Uniform Custodial Trust Act approved in 1987, this Act has been enacted in 14

    jurisdictions. This Act allows standard trust provisions to be automatically incorporated into the terms of the trust simply by referring to the Act. This Act is not displaced by the Uniform Trust Code but complements it.

Uniform Management of Institutional Funds Act approved in 1972, this Act has been

    enacted in 47 jurisdictions. This Act governs the administration of endowment funds held by charitable, religious, and other eleemosynary institutions. The Act establishes a standard of prudence for use of appreciation on assets, provides specific authority for the making of investments, authorizes the delegation of this authority, and specifies a procedure, through either donor consent or court approval, for removing restrictions on the use of donated funds.

Uniform Principal and Income Act a major revision of this widely enacted Uniform Act

    was approved in 1997. Because this Act addresses issues with respect both to decedent’s estates and trusts, a jurisdiction enacting the Principal and Income Act may wish to codify it either as part of this Code or as part of its probate code.

Uniform Probate Code approved in 1969, and enacted in close to complete form in

    about 20 states but influential in virtually all, the UPC overlaps with trust topics in several areas.

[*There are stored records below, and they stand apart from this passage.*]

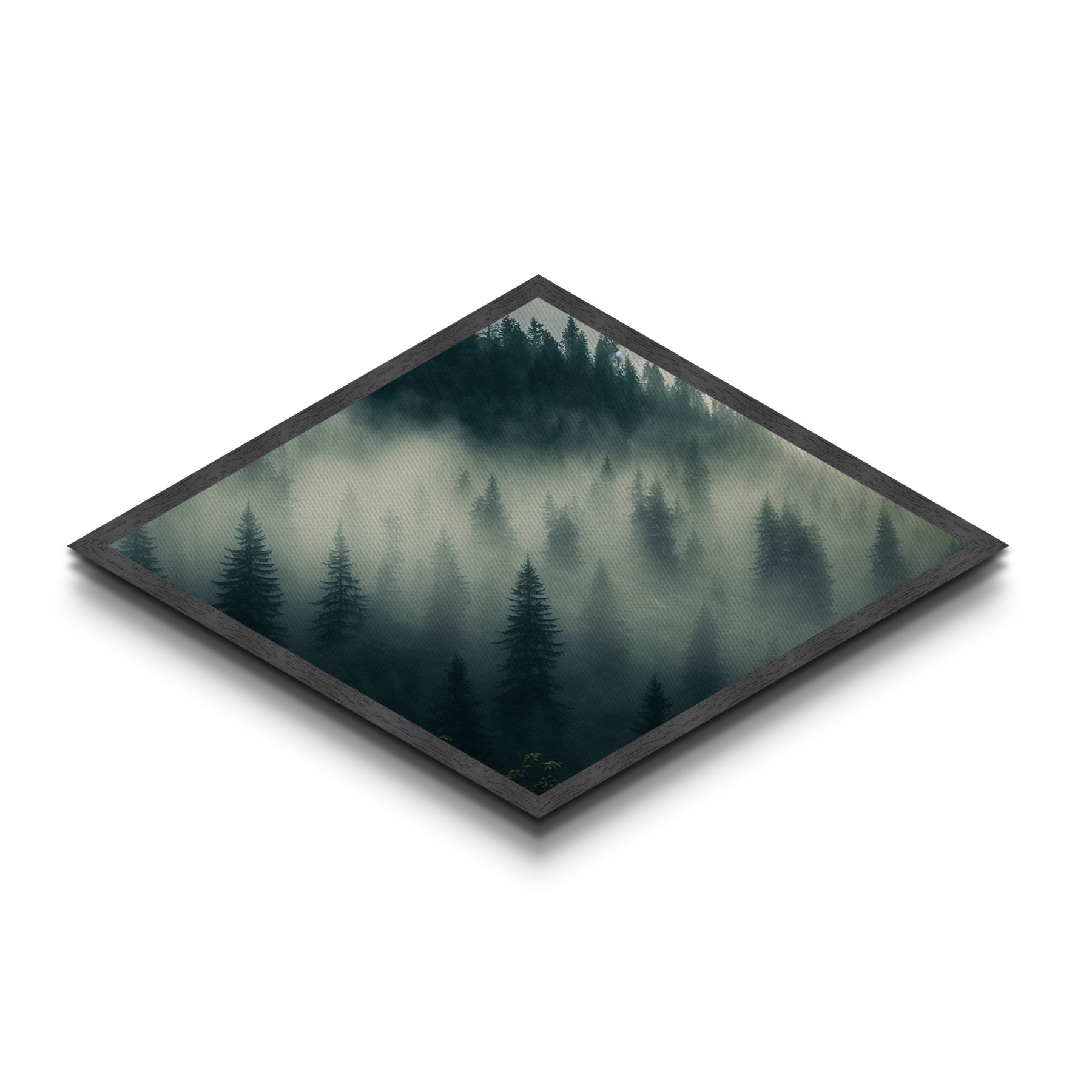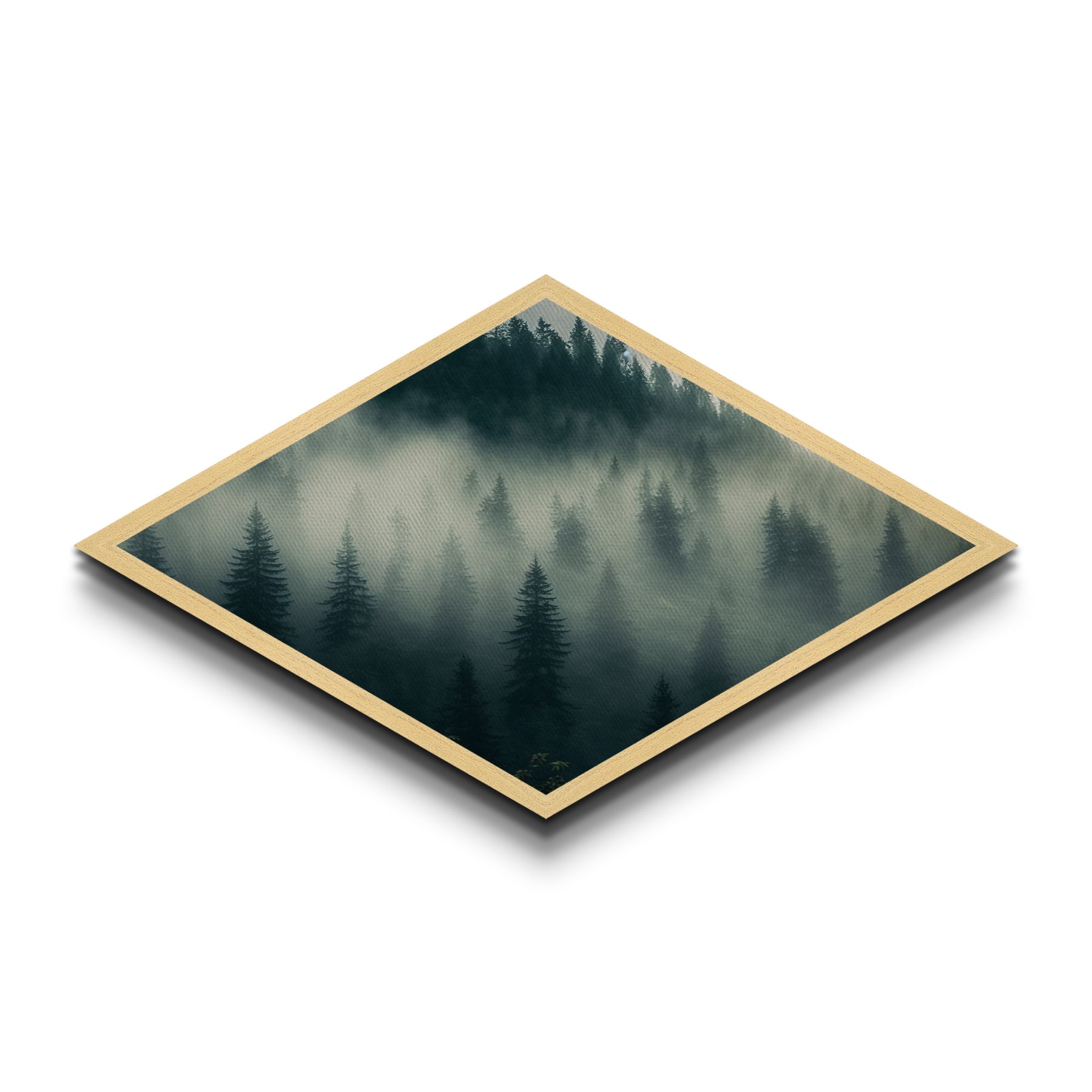 Fog Drenched Pines Diamond Shaped Forest Landscape Canvas Art Print Serene Tree Silhouettes Moody Mountain Fog Wilderness Wall Art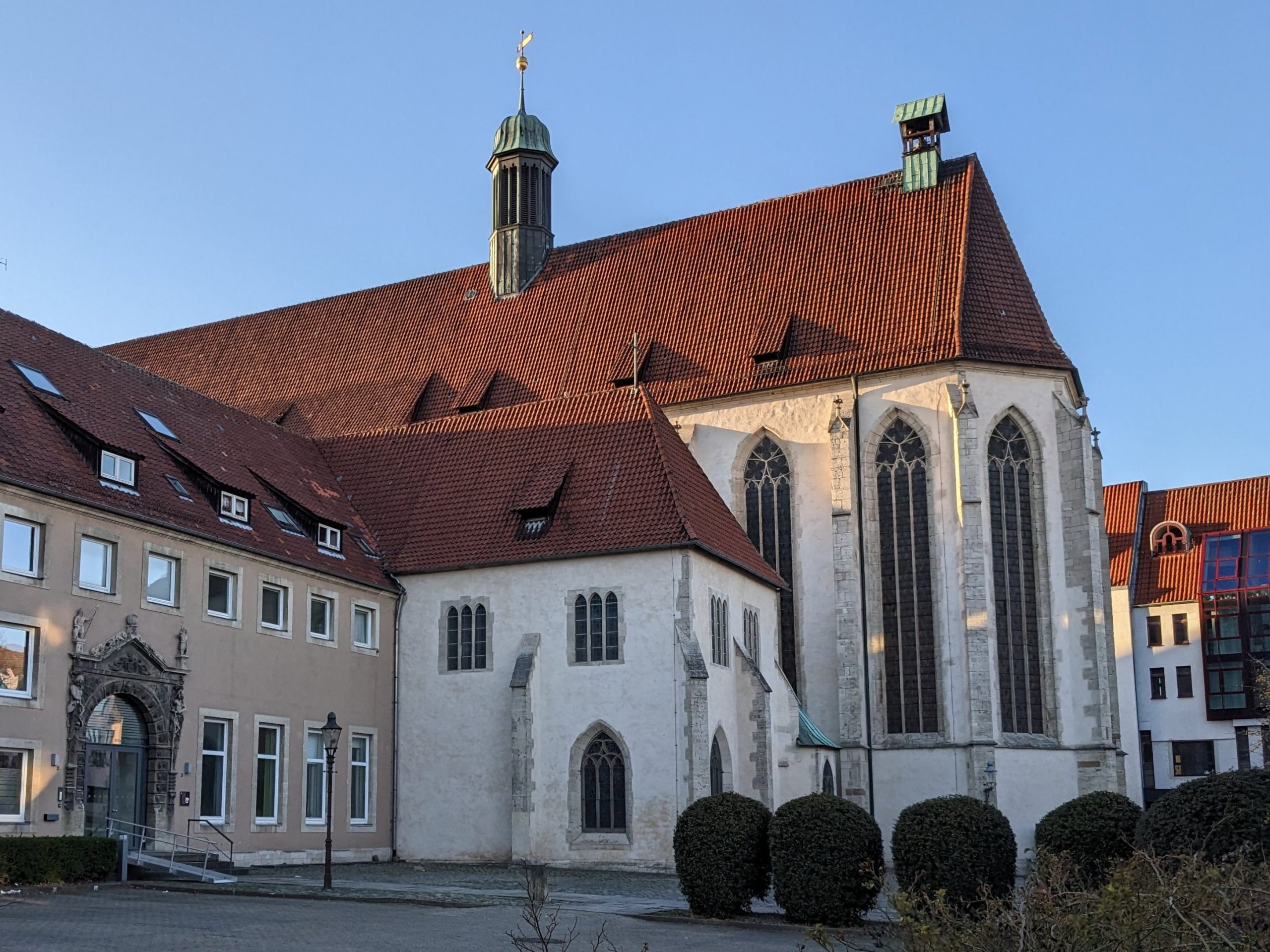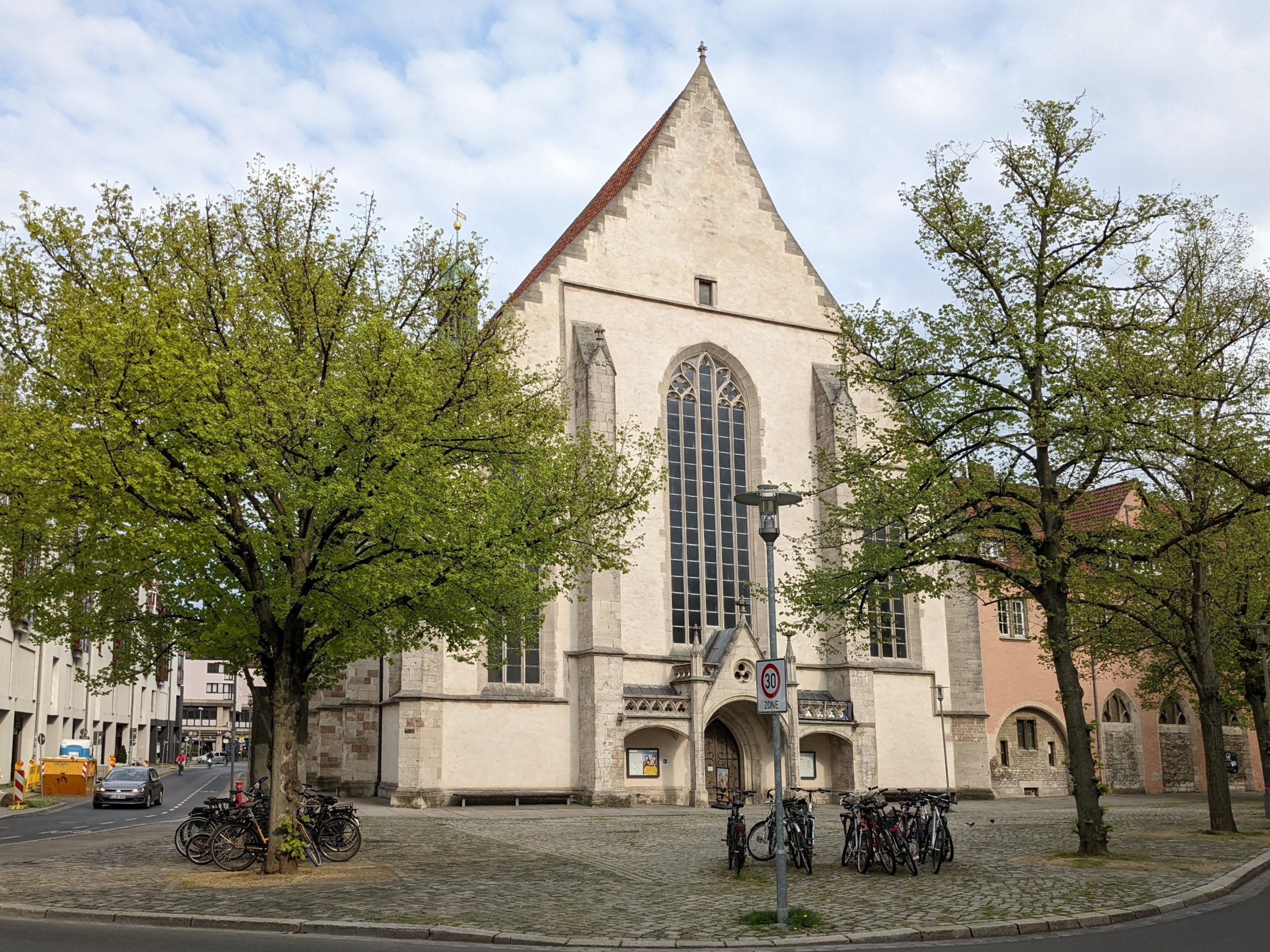 Die dritte Kirche auf unserem Weg ist die Bartholomäuskirche, zu der Kannengießer- bzw. Schützenstraße führen. Sie wird von der evangelisch-reformierten Gemeinde genutzt und ist eine der kleineren Kirchen der Innenstadt. Nach Kriegszerstörungen wurden ihre Türme nicht wieder aufgebaut.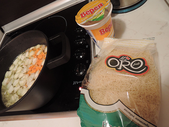 でもそんな中、どこの食堂でも、またどこの家庭でも人気なのが「鶏のスープ」というそのままのネーミングの「ピレシュカ・スパ」です。骨付き鶏肉が手に入ったら作りたくなるスープで、一緒にニンジンや玉ねぎなどの野菜を煮るのですが、忘れてならない具の一つがフィデです。これはバミセリのような細いパスタを砕いたもので、入れると少しとろみがついて腹持ちが良くなります。そして、このスープの味の決め手となるのが卵とヨーグルトです。二人分ではヨーグルト大さじ3と卵1コを仕上げに入れるのですが、この入れ方が独特で、まず鍋の火を消し、ヨーグルトと卵を混ぜ合わせたものに少しスープを加えながら、泡立て器で丁寧に分離しないように混ぜ、よく混ざったら鍋に投入して出来上がりです。なので、このピレシュカ・スパは熱々ではない状態で提供されます。また、温め直すと最後に入れた卵が凝固してしまうので、たくさん作りすぎないように気を付けます。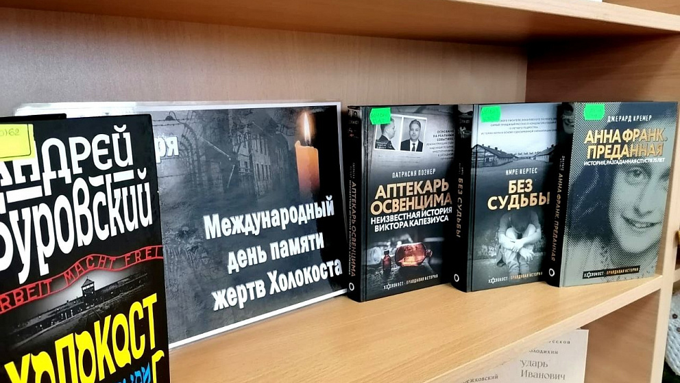 К этому событию на абонементе библиотеки оформлена выставка-память «Трагедия Холокоста – жить и помнить». На ней представлены новые книги, которыми недавно пополнился фонд библиотеки и литература прошлых лет, рассказывающие об одной из страшных трагедий в истории человечества: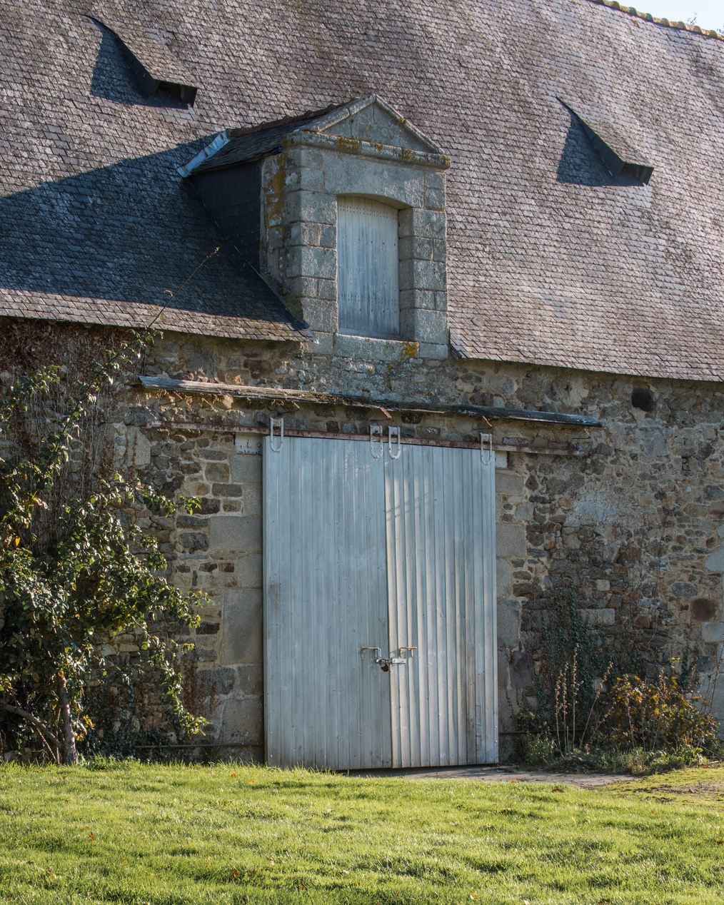 Entrée centrale des dépendances permettant d'accéder à la remise à carrosse (date sculptée dans le fronton triangulaire ?).Immatriculation

One area of overlap, already mentioned, is UPC Article VII. Another area of overlap concerns representation of beneficiaries. UPC Section 1-403 provides principles of representation for achieving binding judicial settlements of matters involving both estates and trusts. The Uniform Trust Code refines these representation principles, and extends them to nonjudicial settlement agreements and to optional notices and consents. See Uniform Trust Code, Section 111 and Article 3. A final area of overlap between the UPC and trust law concerns rules of construction. The UPC, in Article II, Part 7, extends certain of the rules on the construction of wills to trusts and other nonprobate instruments.

     The Uniform Trust Code similarly extends to trusts the rules on the construction of wills. However, unlike the UPC, the Trust Code does not prescribe the exact rules. Instead, Section 112 of the Code is an optional provision applying to trusts whatever rules the enacting jurisdiction already has in place on the construction of wills.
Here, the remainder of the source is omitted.